§ **WHAT TO DO**: Restate the data word for word. Leave the pictures out.

--- SOURCE MATERIAL ---

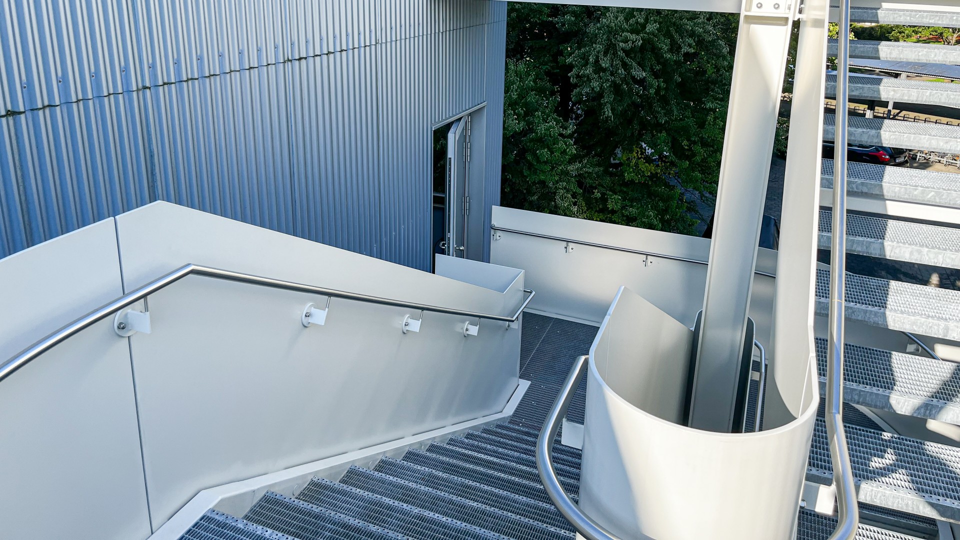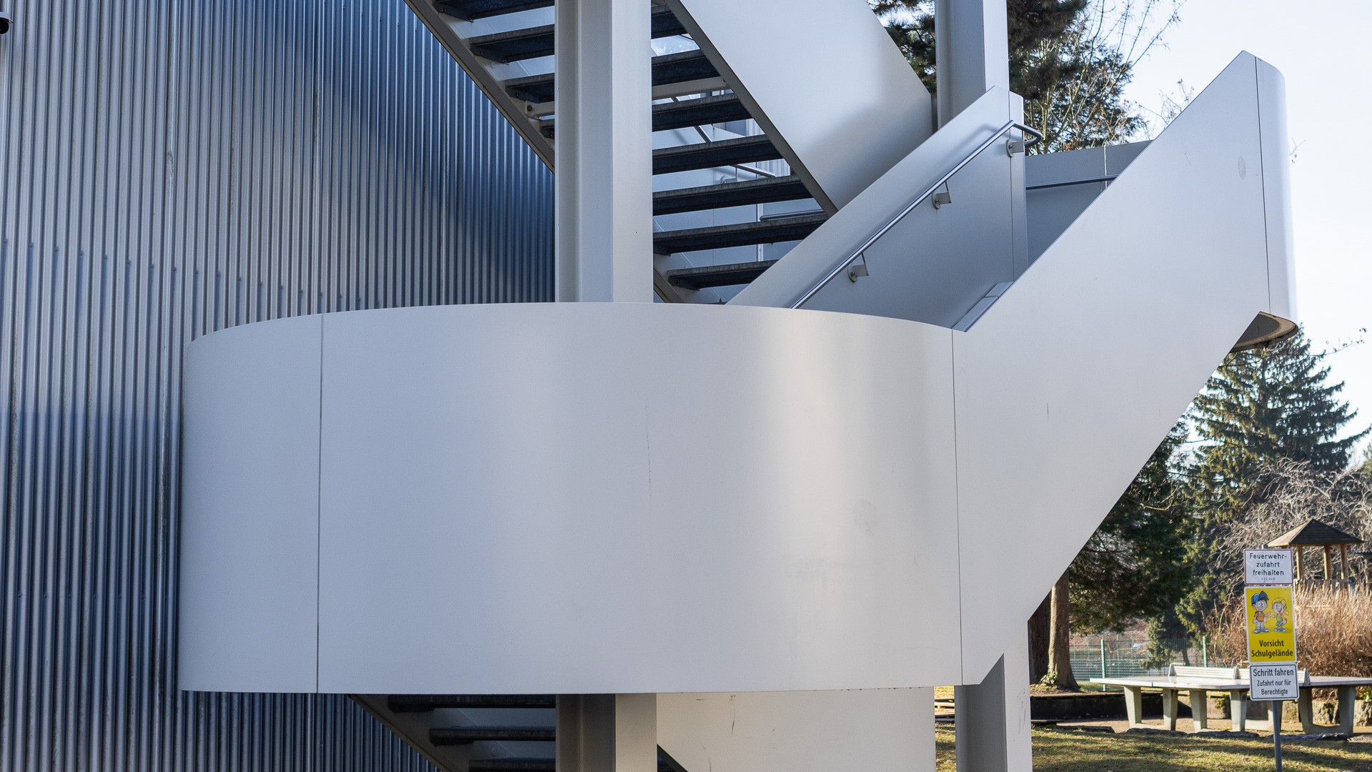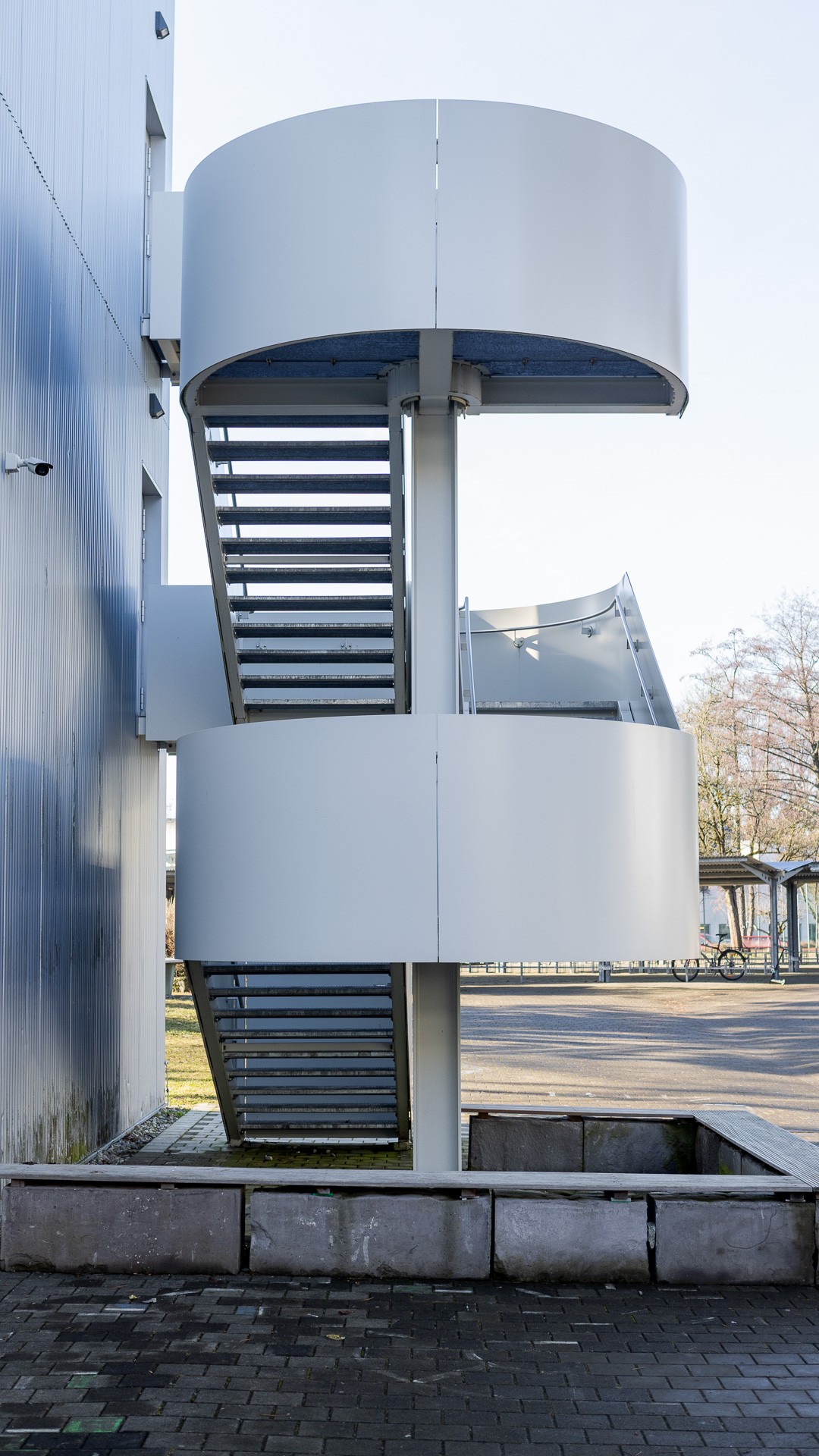 Im Innenbereich werden die bestehenden Geländer erhöht und mit einem Edelstahlhandlauf ausgestattet. Durch Stahltreppen wird im Aussenbereich auf der Süd- und Westseite jeweils ein zweiter Fluchtweg geschaffen. Für die Treppe am "Rundbau" aus dem Jahr 1997 haben sich die Planer eine besondere Konstruktion überlegt.
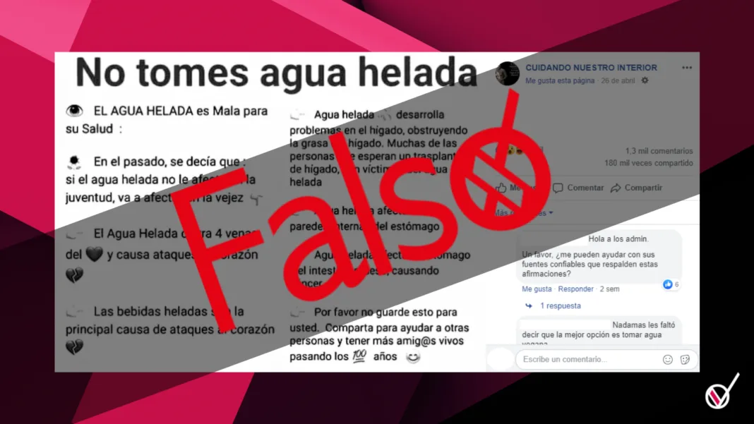 Circulan algunos contenidos en redes sociales que advierten de los supuestos riesgos de tomar agua helada. “Cierra 4 venas del corazón, obstruye la grasa del hígado, afecta a las paredes internas del estómago e intestino grueso y es la principal causa de ataques en el corazón”, indica una imagen compartida en redes sociales. Otra señala que el agua helada afecta al estómago y al intestino grueso, causando cáncer.
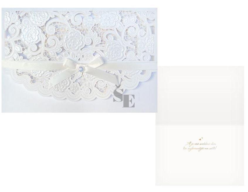 Elegantní svatební přání, které oslní svou rafinovaností a jemným designem. Bohatě zdobený krajkový motiv v kombinaci s mašličkou a perličkou dodává přání nádech luxusu a jedinečnosti. Každý detail je pečlivě zpracovaný, aby přání působilo výjimečně a nezapomenutelně.

---

§ **WRITTEN SOLUTION**:
 Im Innenbereich werden die bestehenden Geländer erhöht und mit einem Edelstahlhandlauf ausgestattet. Durch Stahltreppen wird im Aussenbereich auf der Süd- und Westseite jeweils ein zweiter Fluchtweg geschaffen. Für die Treppe am "Rundbau" aus dem Jahr 1997 haben sich die Planer eine besondere Konstruktion überlegt.
 Circulan algunos contenidos en redes sociales que advierten de los supuestos riesgos de tomar agua helada. “Cierra 4 venas del corazón, obstruye la grasa del hígado, afecta a las paredes internas del estómago e intestino grueso y es la principal causa de ataques en el corazón”, indica una imagen compartida en redes sociales. Otra señala que el agua helada afecta al estómago y al intestino grueso, causando cáncer.
 Elegantní svatební přání, které oslní svou rafinovaností a jemným designem. Bohatě zdobený krajkový motiv v kombinaci s mašličkou a perličkou dodává přání nádech luxusu a jedinečnosti. Každý detail je pečlivě zpracovaný, aby přání působilo výjimečně a nezapomenutelně.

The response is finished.